There are a number of reasons for our over-accumulation. One is that we’ve moved from a disposable society to everything’s-a-collectible society and if everything is valuable, then you can’t throw anything away then, can you? We’ve also moved from a buy-it-as-you-needit outlook to a buy-it-in-bulk mindset – and if we buy in bulk, we have to live in bulk.

Lastly, recreational shopping creates an overload of unused, unwanted household items. Hitting the mall every weekend just packs your house and empties your wallet.

Staying present. The difficulty with clutter is both past and future.
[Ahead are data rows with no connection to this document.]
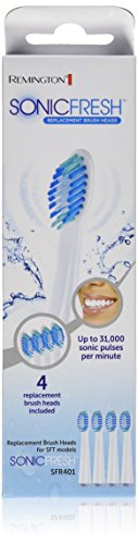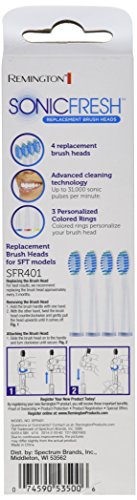 ReleaseDate : 2015-05-15 Studio : Remington Products Publisher : Remington Products Binding : Health and Beauty Product Description Always have a quality brush on hand with the Remington SonicFresh Replacement Pack. These four brushes supply the cleaning power of up to 31,000 sonic pulses per minute and are easy to replace and install with a simple twist and snap. Plus, the three colored rings allow multiple people to use the brush handle while keeping their own brushing heads separate and clean. 0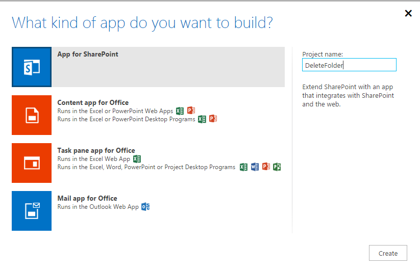 - Choose the App for SharePoint template, name the project Create Site and then choose the Create button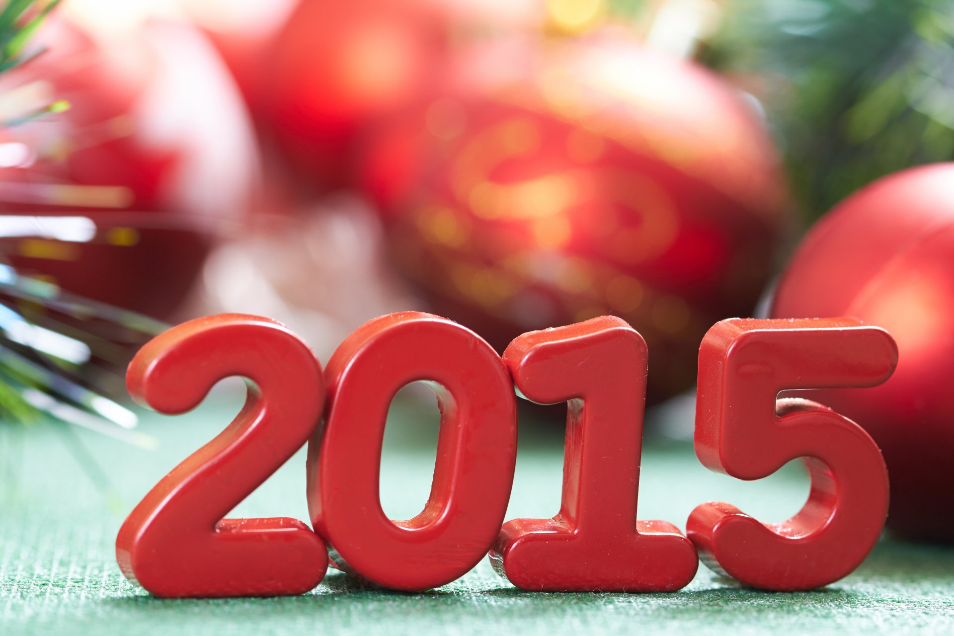 2015 anno numeri sullo sfondo di alberi di Natale e palle

Too often people are tied to items because of the past (it was a wedding gift; it was Uncle Frank’s) and the future (what if I need a shoe buttoner again?). Yet clutter causes you problems in the present because you can’t find what you’re looking for or you have things you don’t really need or want. Other problems from the past include items we’ve inherited.

Many people feel like they have to keep everything passed down from their loved ones. It’s a tremendous burden of guilt. Remember that things are not people and it’s okay to let things go. To feel like you have to hold on to the possessions of your loved ones who are no longer around is to have to build your own life and hang on to their lives, too. It makes for a crowded house. Keep just a few items that you especially love or that you’ll use on a regular basis. My favorite item from my grandmother? Her cast iron skillet that stays on my stove to this day and gets almost daily use.

Go ahead, be wasteful

Have you ever heard the Depression era stories about being so poor that coffee grounds were dried in the sun and re-used?